Mark’s eyes opened wide at her response. Susan was a medical doctor, for God’s sake. A scientist.
“Ten minutes after Bud died, Meredith was at my door. I was still in shock, hadn’t called anyone yet, and there she was.”
“You said she stopped by often during the last days of your husband’s fight with leukemia.”
“She did. But she always called first to see if Bud was awake. She didn’t want to impinge on what little time we had left together.”
“So maybe she was in the area.”
Susan shook her head. “She knew, Mark. She didn’t knock, she just used the extra key, came in and found me on the bed beside him sobbing….”
Mark’s throat tightened as Susan’s eyes filled with tears. He could see her need to believe—he hurt for the anguish she’d been through, and cared enough to let the rest go.

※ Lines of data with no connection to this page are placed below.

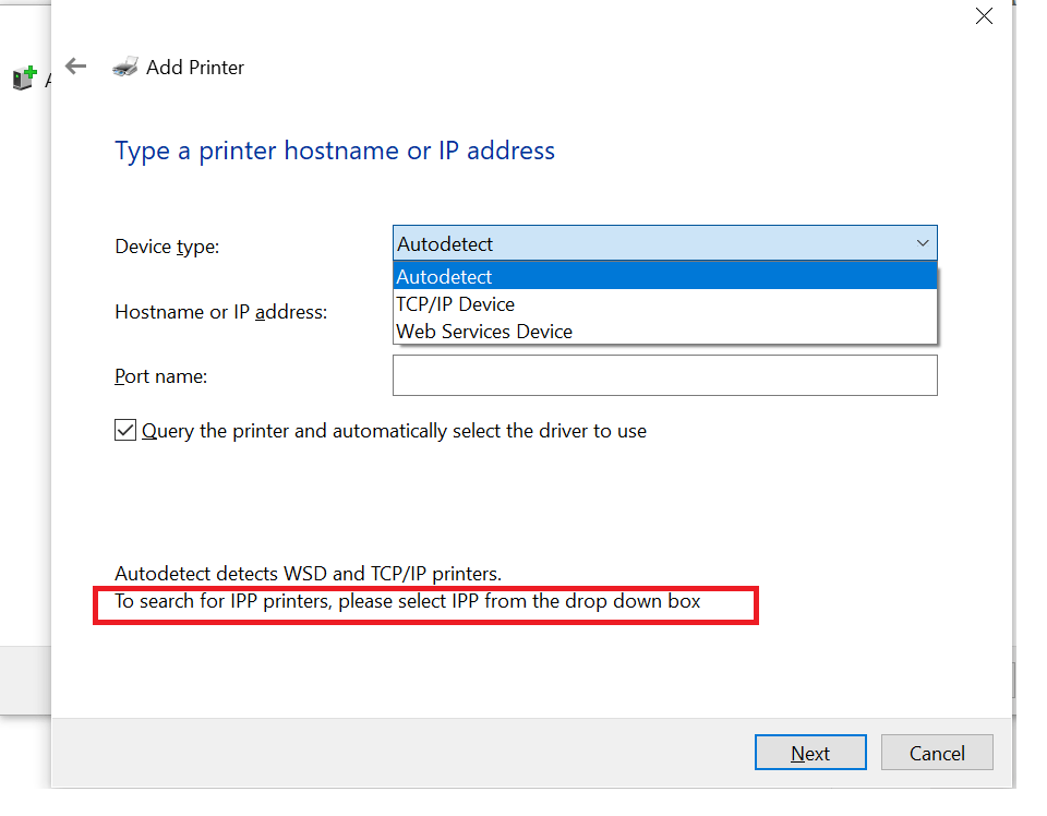 If the Internet Printing Protocol (IPP) option for Windows 10 Professional is not listed in the dropdown menu when you add a printer, it may be because your system does not have the components or Settings required for IPP printing enabled. To get the "IPP" option to add a printer, you need to enable the Internet Printing Client function:
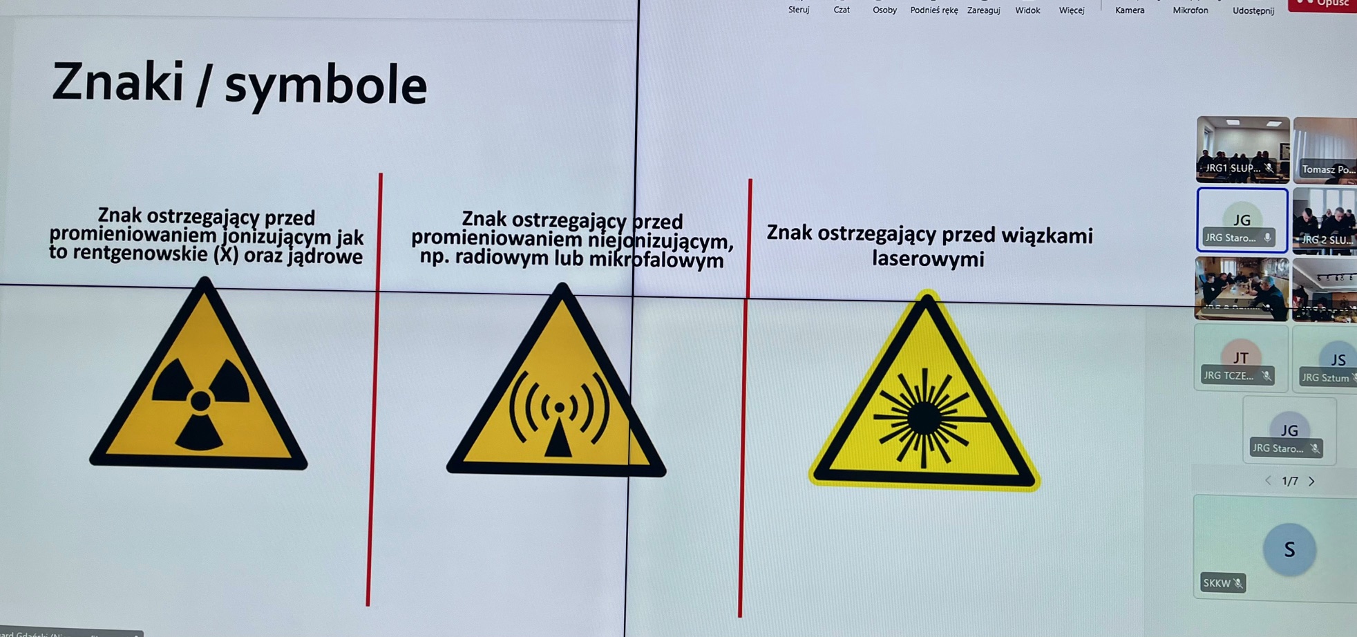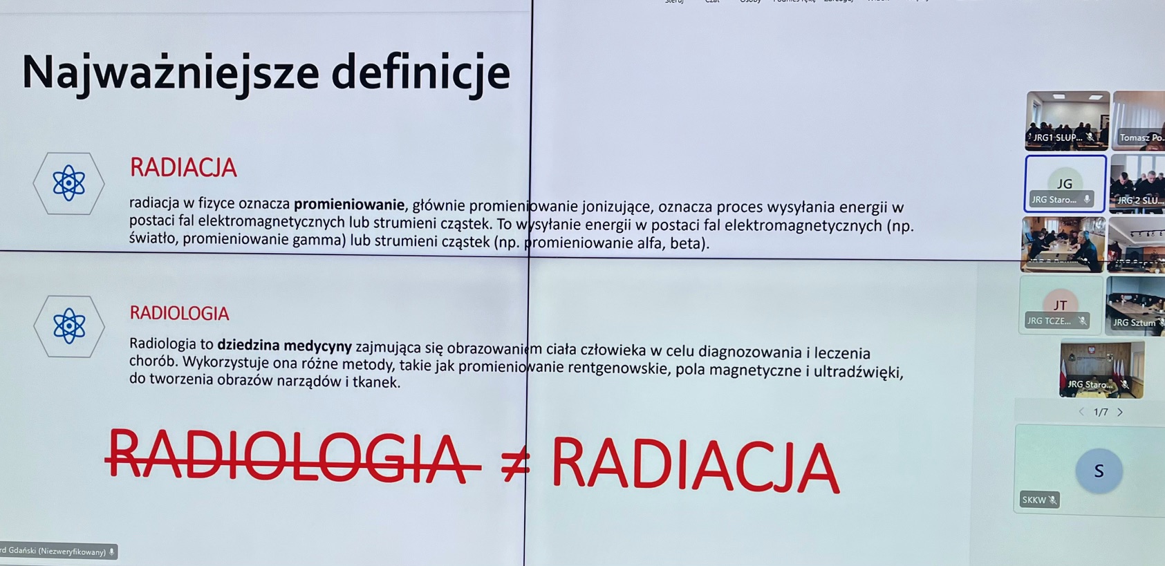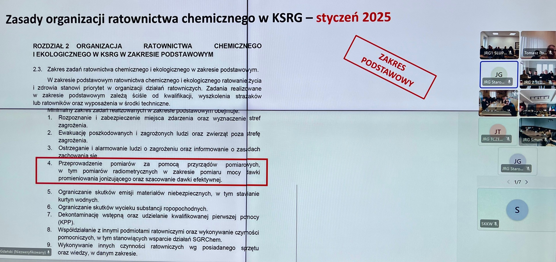 W dniach 25 - 27 listopada 2025 r. w Jednostkach Ratowniczo – Gaśniczych oraz w Stanowiskach Kierowania woj. pomorskiego odbyło się kolejne szkolenie wideokonferencyjne w ramach doskonalenia zawodowego. W trzydniowych zajęciach wzięło udział łącznie 841 osób, a ich głównym tematem była „Radiacja - wykorzystanie sprzętu dozymetrycznego”.
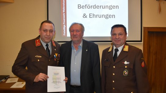 Auch Ehren-Landesfeuerwehrrat Alfred Deschberger folgte der Einladung und nahm an der Vollversammlung teil. Kommandant Manuel Meier nutzte die Gelegenheit, um sich bei Alfred Deschberger für die langjährige und erfolgreiche Zusammenarbeit zu bedanken. Alfred Deschberger seinerseits bedankte sich ebenfalls bei der FF Wallensham für die angenehme gemeinsame Zeit und die wertvolle Zusammenarbeit.
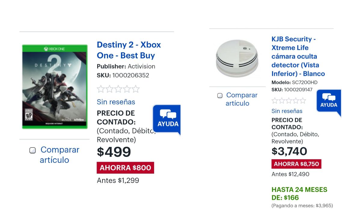 La página tiene descuentos de hasta 900 pesos en relojes deportivos; audífonos Panasonic, con descuento de 499 pesos; videocámaras como la Baby Cam BC30 de Garmin, con un descuento de 3 mil 749 pesos y un precio final de 799 pesos; entre otros. La empresa promociona en su página de internet descuentos de 50 por ciento y más en sus productos.
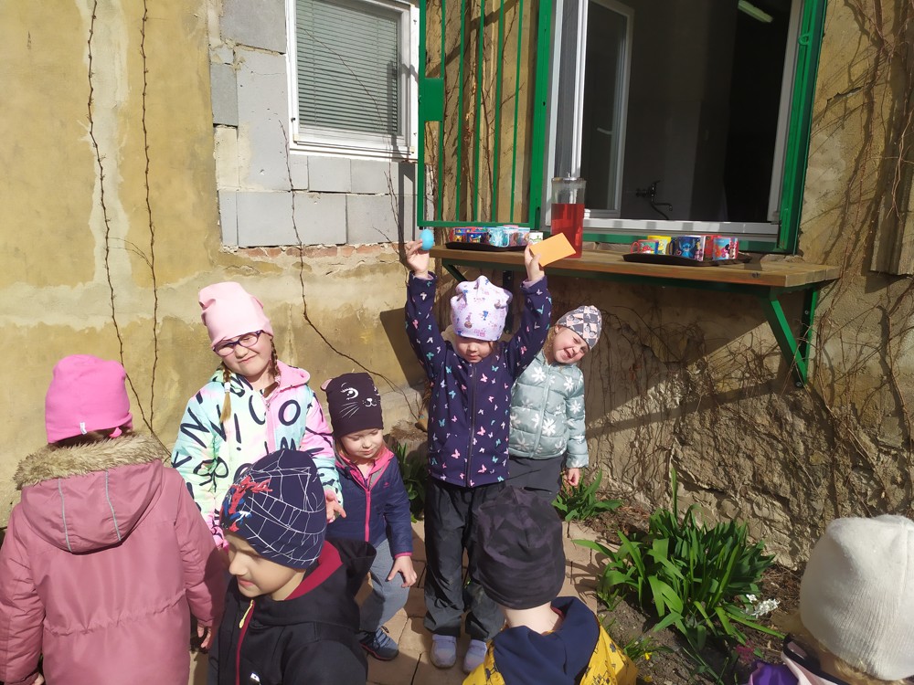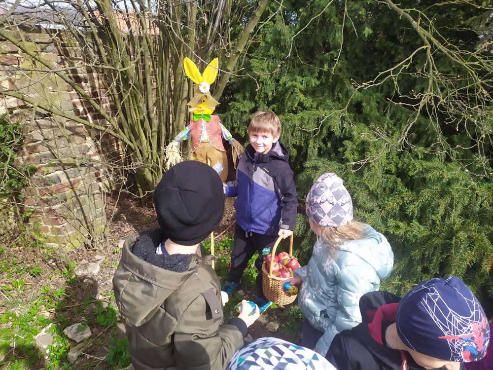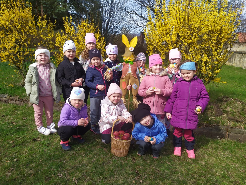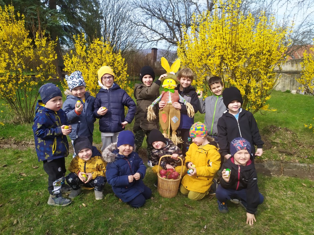 I letos si pro nás velikonoční zajíček připravil spoustu úkolů. Děti všechny našly, ale také i splnily. Na zahrádce našly schovaná čokoládová vajíčka a nakonec i zajíčka, který na ně čekal s košíkem, plným vitamínů.
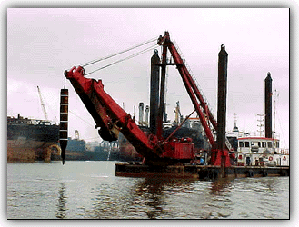 de la draga que, con un peso que cae de golpe, rompe todo lo acumulado en
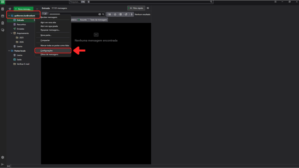 No painel lateral, clique com o botão direito sobre o seu endereço de e-mail e selecione Configurações.
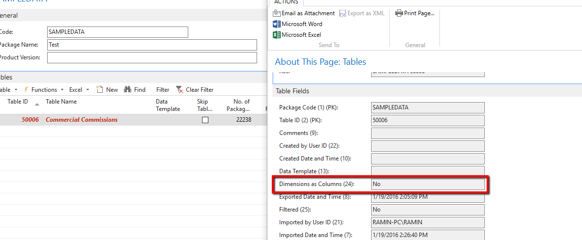 – I created the configuration package which has a table 38 and 39. I included the shortcut1 and 2 as well as other 4 dimensions (Dimension as Columns is set to Yes)
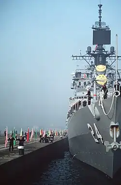 Looking over Reeves's forecastle at Pearl Harbor. (Late 1990s) -
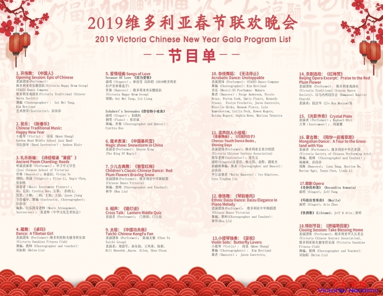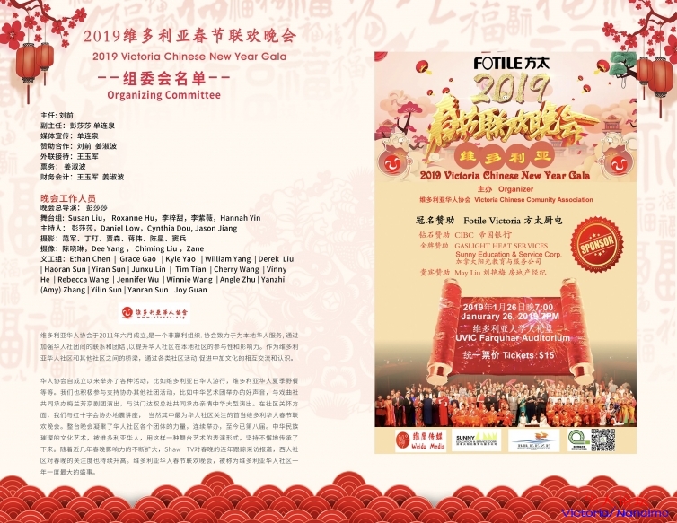 她是维多利亚华人最大的华人欢聚,是我们维多利亚全体华人的年夜饭,是凝聚我们维多利亚华人社团、艺术家、文艺爱好者的一场视听盛宴。
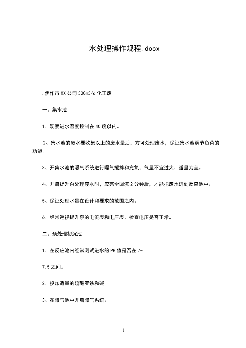 5、保证处理水量在设计和要求的范围之内。
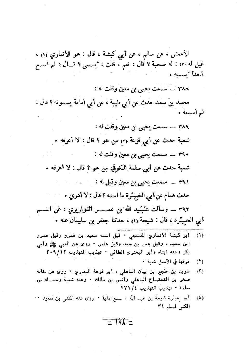 الاعمش عن سالم عن ابى كبشة قال هو الانمارى قيل له له صحبة قال نعم قلت يسمى قال لم اسمع احدا يسميه سمعت يحيى ين معين وقلت له محمد بن سعد عن ابى طيبة عن ابى امامة يسمونه قال لم اسمعه سمعت يحيى بن معين وقلت له شعبة حدث عن ابى قزعة من هو قال لا اعرفة سمعت يحيى بن معين وقيل له حدث همام عن ابى الحبرة ما اسمه قال لا ادرى وسأل عبيد الله بن عمير القواريرى عن اسم ابى الحبرة قال شيخة حدثنا جعفر بن سليمان هنه
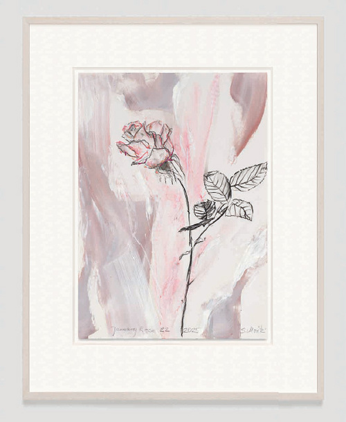 Sabine Moritz „January Rose 22“ Original. Übermalte Druckgrafik (Kohle, Ölkreide und Ölfarbe) aus einer Serie von 50, von Hand bezeichnet, nummeriert, datiert und signiert gerahmt (Ahorn weiß lasiert, Passepartout, UV-Schutzglas) 54 x 42 cm 2.500 Eur

Pulling her against him he held her while she cried, rubbing her back, wanting to do whatever he could to ease a grief that he understood would be with her always. Three and a half years had passed since Barbie had walked out on him and Kelsey, and the ache still throbbed as intensely as ever during the dark hours.
“THESE ARE BAD MEN.”
Kelsey Shepherd leaned over on the stained couch to whisper to her mother. Two scary-looking old guys had come in from the garage door and they were putting something in the refrigerator. Kelsey thought they were gross.
Dad would kill her if he knew she was there with them.
Smiling, Barbie was shaking her head. “They’re fine,” she whispered back quickly and Kelsey stared at her. Was her mom okay? Even after all these times seeing her, she couldn’t get used to the short, choppy hair and no makeup and sloppy clothes. She remembered her mom being beautiful.
Of course, maybe that was just kid stuff.